# Table of contents

1. [Looping through multiple periods of time](#introduction)
    2. [Completing a monthly loop](#paragraph1)
    3. [Completing a weekly loop](#paragraph2)
4. [`Zip()`'ing it all together](#paragraph3)
5. [Utilizing `ExcelWriter()` to export your file](#paragraph4)

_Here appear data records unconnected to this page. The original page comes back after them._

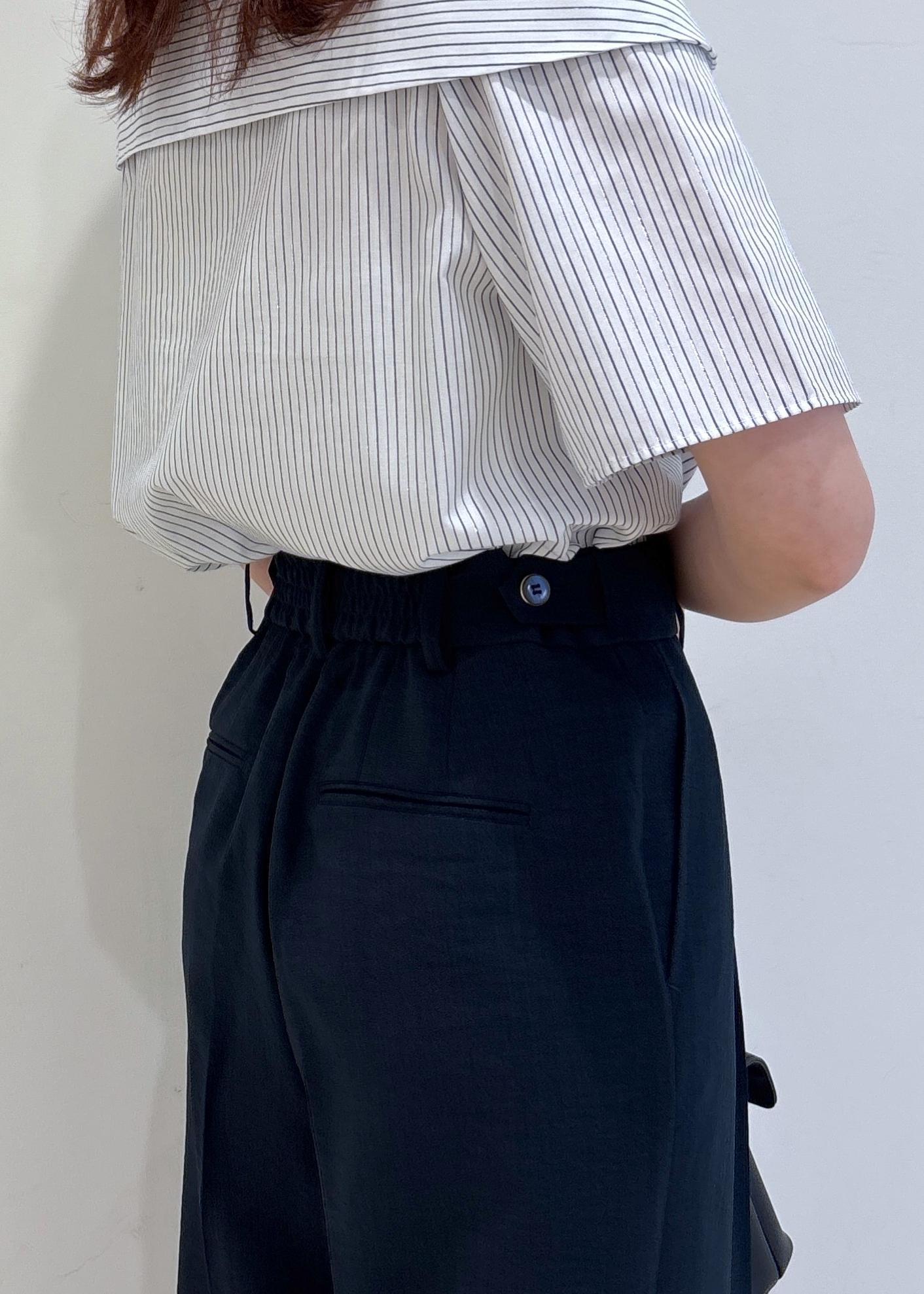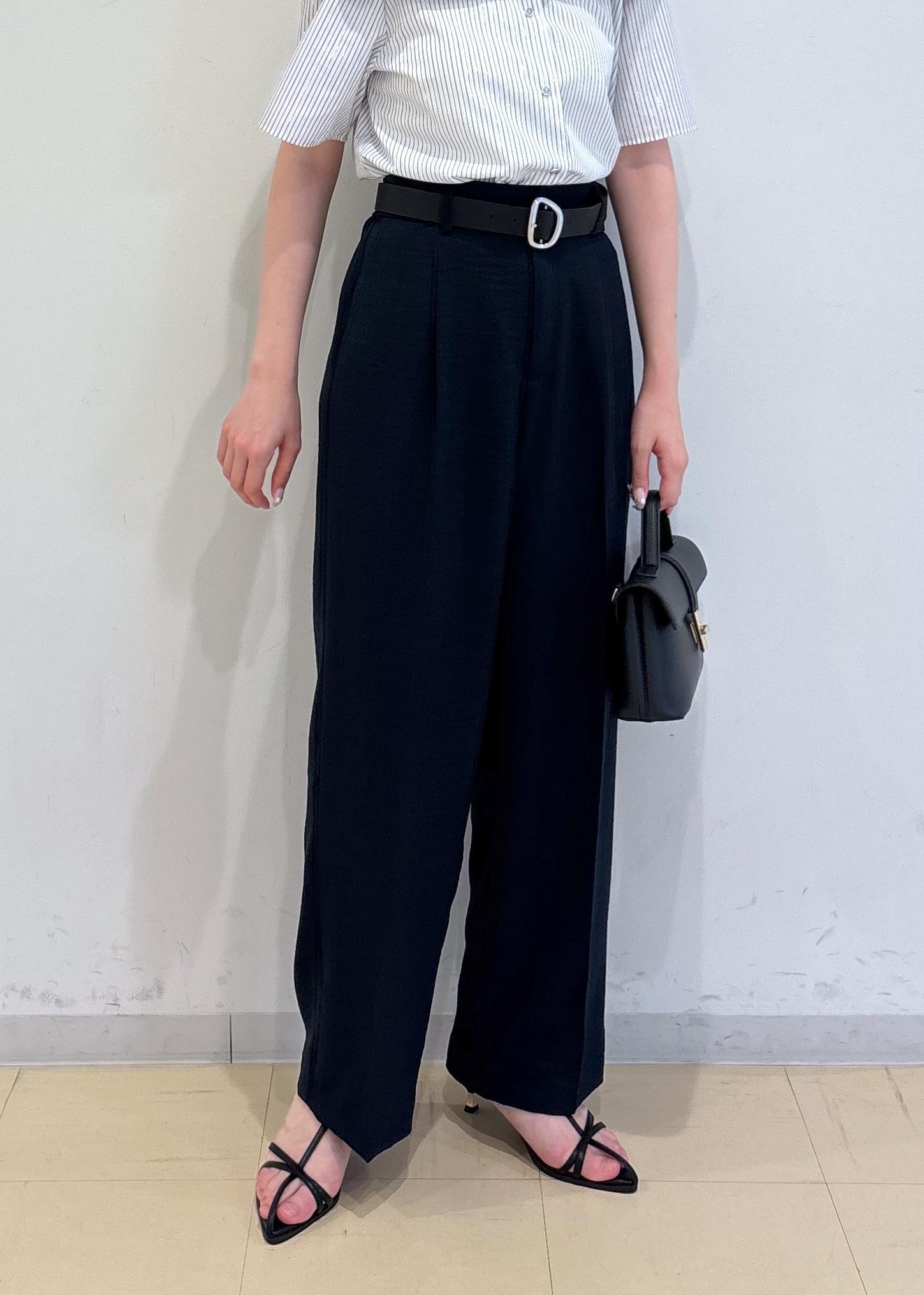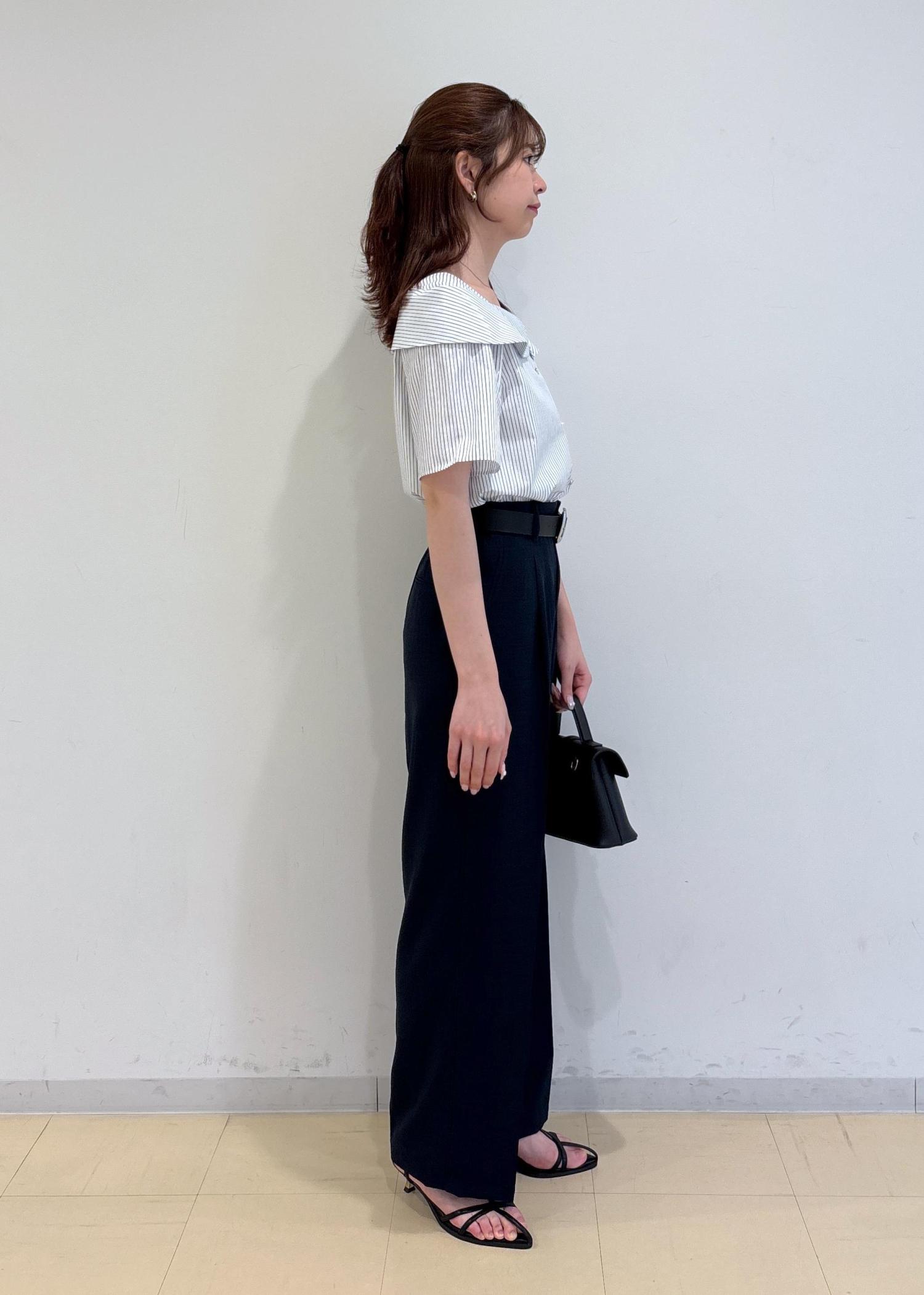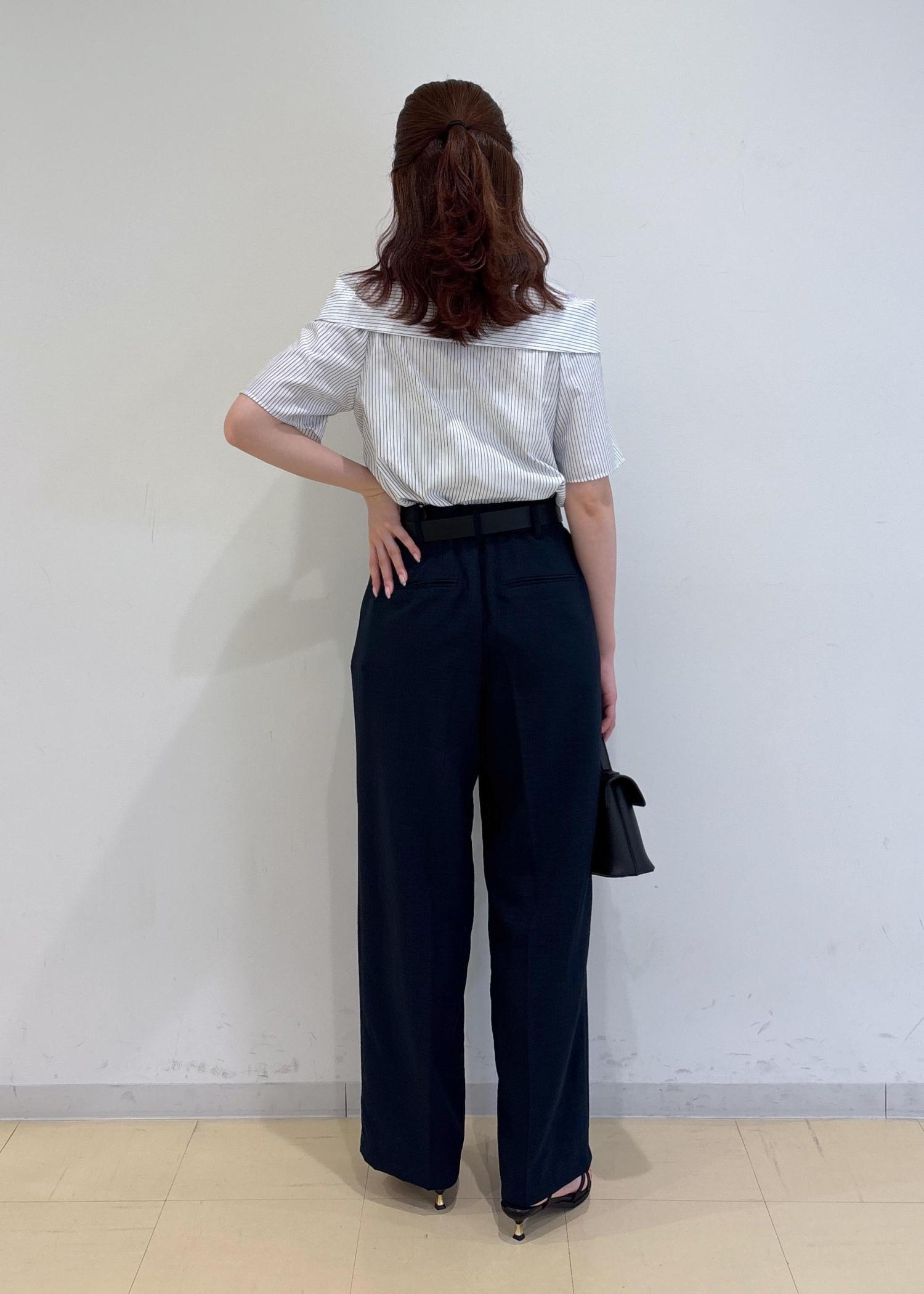 ネイビーのパンツできちんと感がありつつ、着心地がよくてお手入れ楽なのが嬉しいポイント♪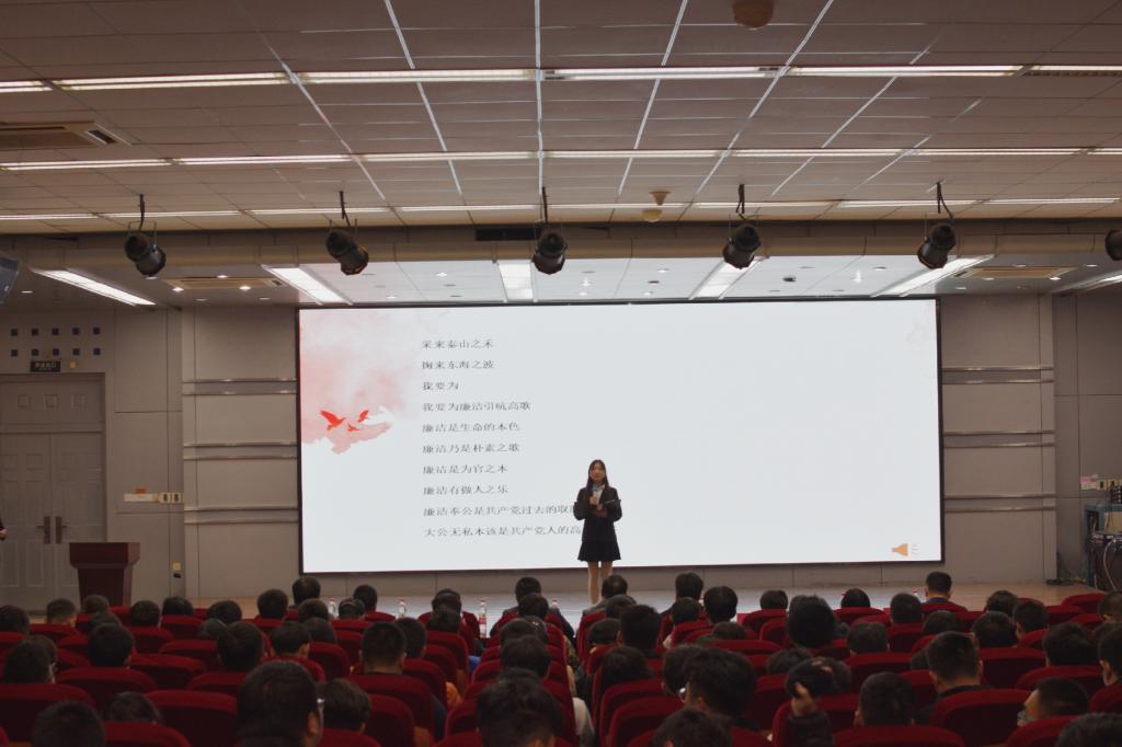 为了响应学校“立德 担当 守规”廉洁主题教育宣传月活动,11月18日晚,电子工程学院举办的“中国情 廉洁梦”主题朗诵比赛决赛在苍梧校区艺术楼报告厅顺利举行。校纪委副书记王吉春,学生工作处处长朱国军,校团委副书记朱小明,电子工程学院党委书记陶建兴,电子工程学院党委副书记钱汉珍出席活动。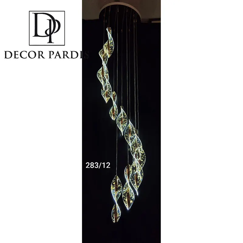 لوستر ریزشی درخشان با فرم ریزشی و طراحی مدرن، هماهنگی کامل با انواع دکوراسیون‌های لوکس و کلاسیک دارد و حتی در حالت خاموش نیز به عنوان یک المان دکوراتیو شاخص عمل می‌کند.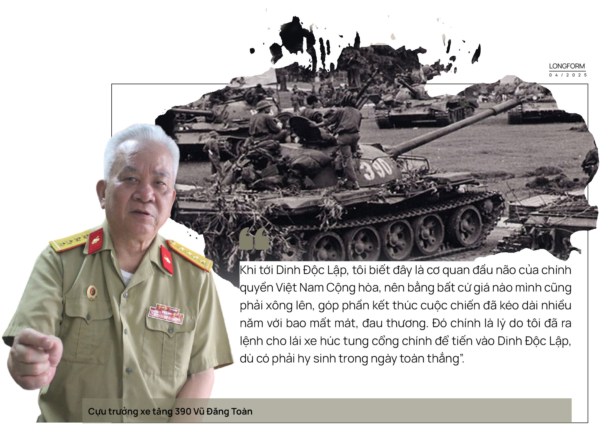CCB Vũ Đăng Toàn kể thêm, khi xe 390 dừng lại, ông định ra ngoài xe để cắm cờ, thì đại đội phó Lê Văn Phượng ngồi sau nhắc: “Đại đội trưởng đang cầm cờ ở phía sau”. Vũ Đăng Toàn ngoảnh lại, thấy trưởng xe tăng 843 Bùi Quang Thận đã rời khỏi xe, cầm cờ chạy vào Dinh. Thấy vậy, chính trị viên Toàn vội lấy khẩu AK, mở cửa nhảy ra, nói: “Tôi đi theo để yểm hộ cho anh Thận”.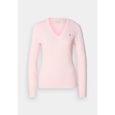 GANT Cable V NECK Jumper, Women's, Size: Large, Faded brick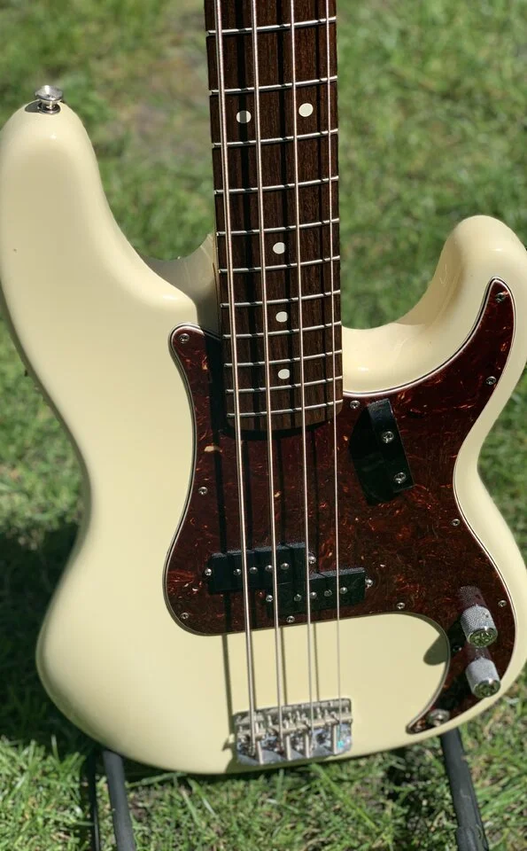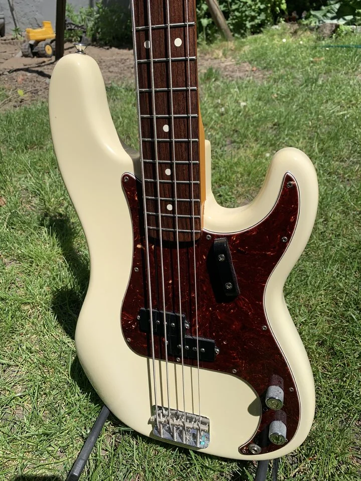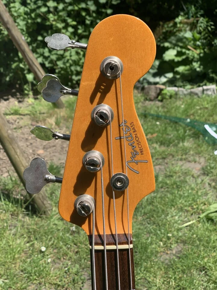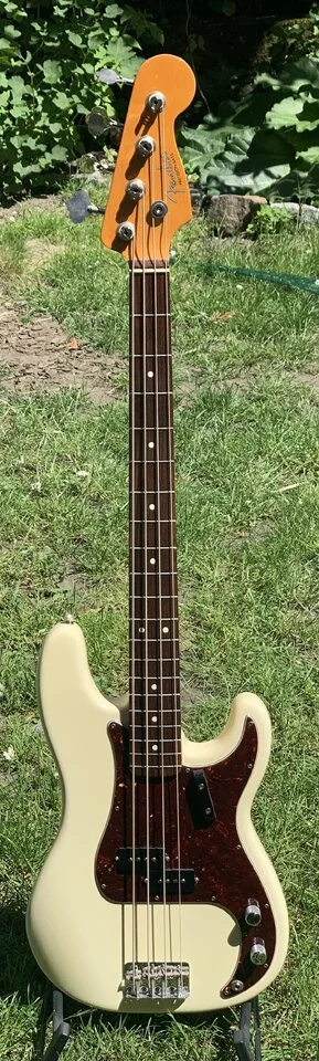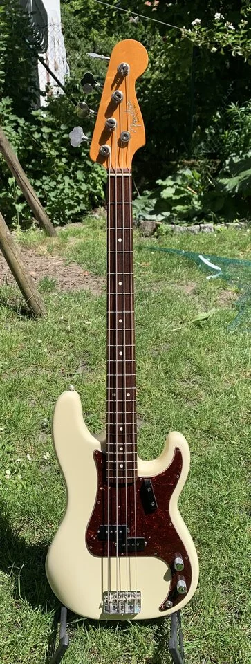 Fender AVRI Preci 62/63er aus den 2000nuller Jahren, weiß in gutem Zustand mit den entsprechenden Nitro Spielspuren. Inkl. Koffer und dem Fender Pipapo. VHB 1950€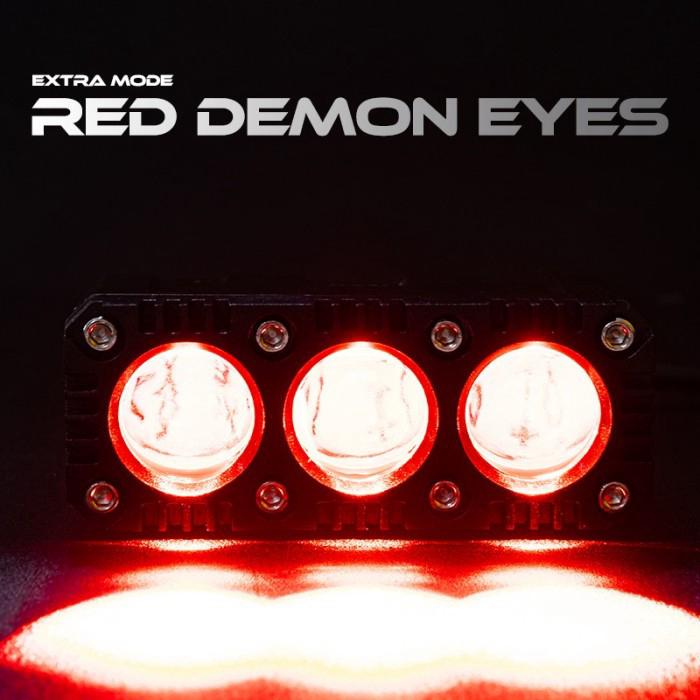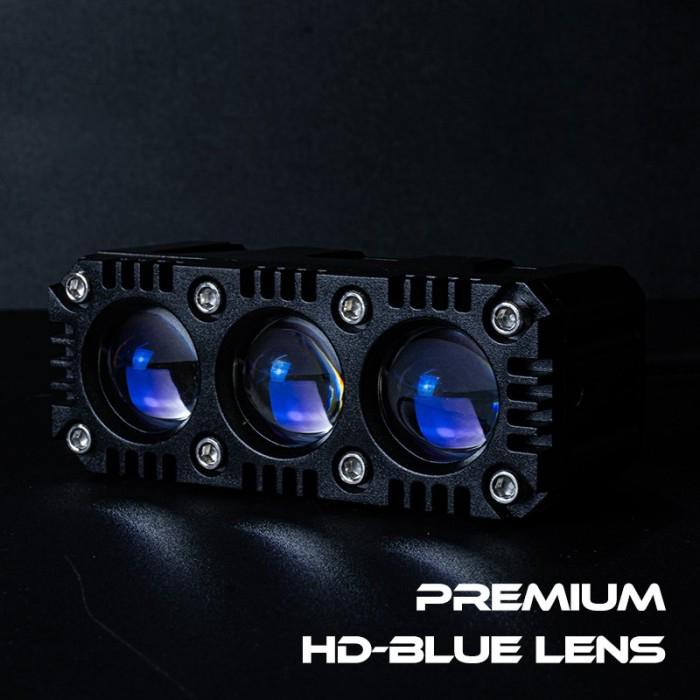 DP 0 LED BAR LGS 3 PROSERIES LAMPU TEMBAK SQL 3 MATA HDBLUE LENS DENGAN KIPAS DAN DEMON EYES DC960V40W KUNINGPUTIH

## Looping through multiple periods of time <a name="introduction"></a>

You are given a task to prepare quick summary statistics for each month over several years.

A simple loop can solve this and utilizing the `zip()` command will help you generate a well-prepared dataframe to work with.

We'll be using the [superstore dataset](https://github.com/kn-kn/setup-py-functions/blob/master/Sample_Superstore_Data.xls) for our example.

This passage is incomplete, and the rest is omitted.